Мысль о том, чтобы поесть прямо сейчас — даже то, что я когда-то любила, по чему скучала всем сердцем, — меня не привлекает. Как будто все внутри меня безвкусное и бесцветное.
— Ты должна поесть, Элси. Я знаю, что ты расстроена и любишь его, но ты должна поесть.
Любовь? Вот что это такое?
Имеет ли это значение? Зачем чувствам название? Все, что я знаю, все, от чего я страдаю, — это осознание того, что я скучаю по нему всем своим существом.
Я скучаю и по Софии. Боже, как я скучаю по ней. Я скучаю по семье, которой мы могли бы стать. Разве этого не достаточно?
— Мне жаль, мама. — Я перевожу взгляд на нее, сгорбившись. — Мне жаль, что ты вернула меня, а я вот такая. Сломанная. — Я пожимаю плечами. — Вы, ребята, заслуживаете большего.

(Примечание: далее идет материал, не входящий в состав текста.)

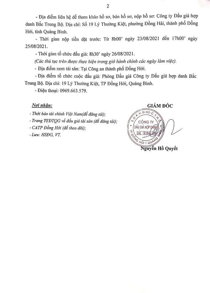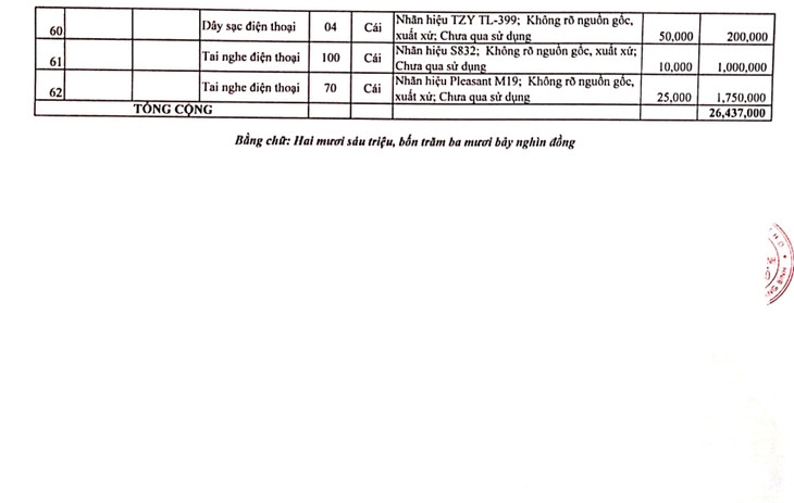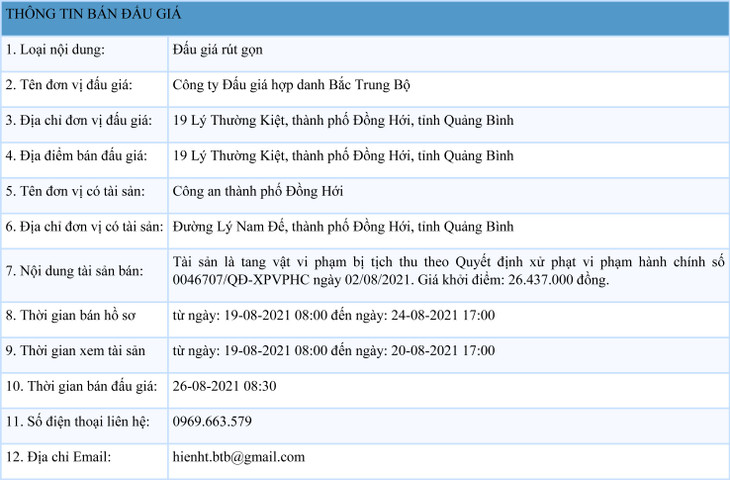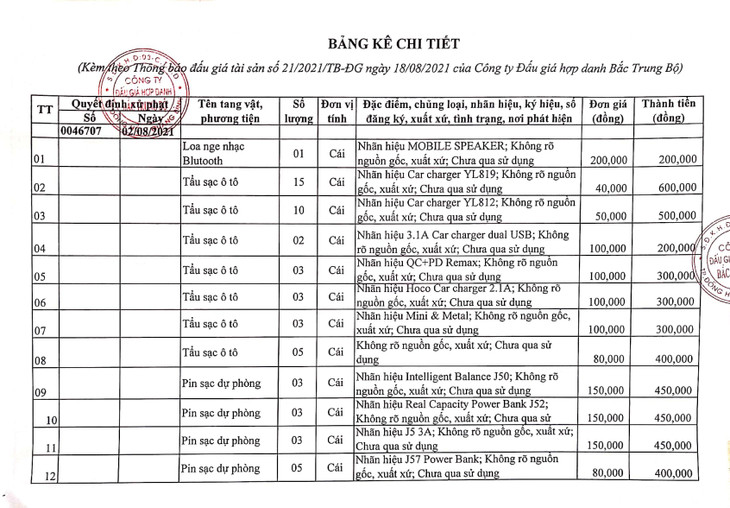 Tài sản là tang vật vi phạm bị tịch thu theo Quyết định xử phạt vi phạm hành chính số 0046707/QĐ-XPVPHC ngày 02/08/2021. Giá khởi điểm: 26.437.000 đồng.
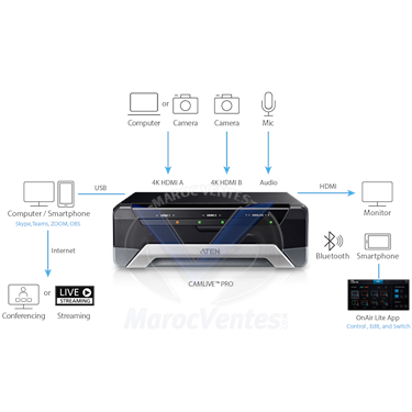CAMLIVE ™ Pro est conçu pour se connecter facilement à deux sources vidéo 4K et mélanger et diffuser au format FHD à un public mondial avec des effets vidéo exceptionnels et une qualité Full HD professionnelle. Il est entièrement plug and play et compatible avec n'importe quel logiciel de streaming et plate-forme de médias sociaux, tels que Skype, Teams, Zoom, OBS, YouTube et Facebook. Pour les streamers qui souhaitent faire des interviews, des présentations ou même des événements en direct, utiliser CAMLIVE™ PRO est simple et rapide !

В горле запульсировала боль.
— Нет! — Она качает головой, ее брови сходятся, а ноги быстро двигаются. Она ставит тарелку с вафлями на кровать и берет мою руку в свою. — Ты не сломанная. Ты моя дочь. Моя красивая, талантливая, умная дочь, и я не могла бы гордиться тобой еще больше.
Я сдерживаю слезы, навернувшиеся на глаза, и, когда встаю, обнимаю ее, плачу, прижимаясь щекой к ее груди, как в детстве.
— Он придет в себя. — Она успокаивает меня, проводя ладонью вверх и вниз по моей спине.
— Я не думаю, что он вернется, мама. — Я отступаю. — Он упрямый.
— Это мужчины. — Она издала небольшой смешок. — Дай ему время, и ты увидишь. Уверена, ему больно так же, как и тебе. Наверняка он хочет тебя вернуть. Я знаю, что ваш брак был заключен не по любви, милая, не вначале. Но иногда мы все равно падаем, и ничего не можем с этим поделать. — Она отталкивает меня, проводя большими пальцами под глазами. — А этот мужчина влюблен в тебя по уши. Это было легко заметить по его глазам.
Меня это не убеждает. Он был уверен, что разрыв отношений — это правильно. И вряд ли он когда-нибудь изменит свое мнение.
Немного поев, я вернулась к разглядыванию окна. Похоже, это все, что мне удается.
Мимо проносится машина, почти похожая на синий внедорожник Майкла.
Я выдыхаю, тянусь за мобильником, и вдруг он звонит. Пульс подскакивает в горле, и я тут же смотрю на экран и вижу имя Майкла.
Боже мой! Может, мама была права. Он понял, каким чертовски упрямым бараном был, и теперь звонит, чтобы попросить у меня прощения. Мне не терпится устроить ему ад.